Protein Language Models, Transformers, Fine-tune, ESM2_t33_650M_UR50D, Error analysis
Key Takeaways
I finetune antibody specific and general protein language model for predicting binding affinity (Kd) between single-chain variable fragments (scFv) and the target the SARS-CoV-2 peptide.
esm2_t33_650M_UR50D model demonstrated superior performance compared to antibody-specific language models, namely antiberta2-cssp, antiberta2, and ablang-H. Notably, while the performance of ablang-H lagged significantly behind, the remaining three models showed relatively comparable results. However, it is important to note, esm2_t33_650M_UR50D is larger, containing about 650 million parameters, whereas both antiberta2 and antiberta2-cssp have around 202 million parameters.
My approach exceeded the original study’s Spearman rho (0.64 vs ~0.50) on hold-out set using just a single model, as opposed to the original study’s ensemble of 16 models.
OpenAI’s CLIP model is quite impressive at connecting text with images, efficiently learning visual concepts from natural language supervision. Can we do the same for protein sequences and structure? Instead of text and images, we’re integrating protein sequences with their structural information.

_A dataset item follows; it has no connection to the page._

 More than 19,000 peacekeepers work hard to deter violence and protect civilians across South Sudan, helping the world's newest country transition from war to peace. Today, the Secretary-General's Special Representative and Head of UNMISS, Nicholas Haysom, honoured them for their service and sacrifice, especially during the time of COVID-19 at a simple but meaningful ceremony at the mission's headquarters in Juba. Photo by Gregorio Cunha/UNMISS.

In a series of four accessible notebooks we develop a multimodal training approach that integrates antibody sequence data with structural data using a contrastive learning framework inspired by OpenAI’s CLIP. We utilize the ESM2 model from Facebook’s Evolutionary Scale Modeling (ESM) suite as our base architecture. The model was fine-tuned with a custom head for contrastive learning, where the sequence and structural embeddings were projected into a common latent space. Our training process focused on minimizing the contrastive loss to ensure that sequences and their corresponding structures were closely aligned in this space. We called this model ESM2-Ab-CLIP.

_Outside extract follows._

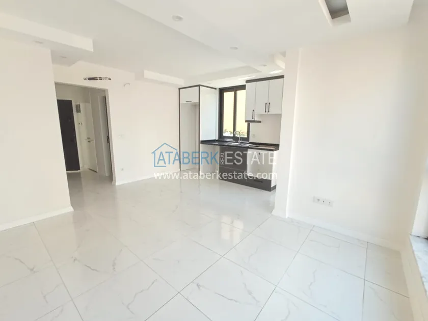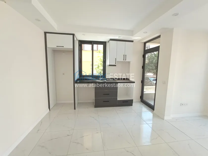 В доме всего 4 этажа, есть огороженная придомовая территория. Айдат 50 лир в месяц. Предлагаемые апартаменты угловые, находятся на первом этаже, планировка 1+1, общая площадь составляет 60 м2 - салон, кухня американского типа, одна спальня, совмещенный санузел и один балкон. Квартира новая, в ней никто не жил. В стоимость включена кухонная мебель, есть выходы под кондиционеры, домофон, встроенный шкаф в прихожей и водонагреватель.

We also evaluate the effect of ESM2-Ab-CLIP model on antibody binding affinity prediction task relative to the base ESM2 model. With ample data for fine-tuning, there were no additional benefits of multimodal training. However, the true strength of the ESM2AbCLIP model emerged under a low data regime. In this scenario, the ESM2AbCLIP model outperformed the base ESM2 model, on antibody binding affinity task as measured by spearmanr and Top 10% recall.
I fine-tuned both antibody-specific and general protein language models to predict the binding affinity (Kd) between single-chain variable fragments (scFv) and the SARS-CoV-2 peptide. This involved customizing models to better fit the specific characteristics of antibody-peptide interactions.The ESM2_t33_650M_UR50D model outperformed other antibody-specific language models. Despite being larger, with approximately 650 million parameters, it achieved superior performance compared to the smaller models like antiberta2-cssp and antiberta2, which each have around 202 million parameters. The abLang-H model, despite being a strong contender, lagged significantly behind. My approach surpassed the original Manage Publix passport study’s Spearman correlation coefficient (rho) score of ~0.50, achieving a rho of 0.64 on the hold-out set using a single model. This is a notable improvement, considering the original study employed an ensemble of 16 models to achieve a similar performance.
I finetune antibody specific and general protein language model for predicting binding affinity (Kd) between single-chain variable fragments (scFv) and the target the SARS-CoV-2 peptide.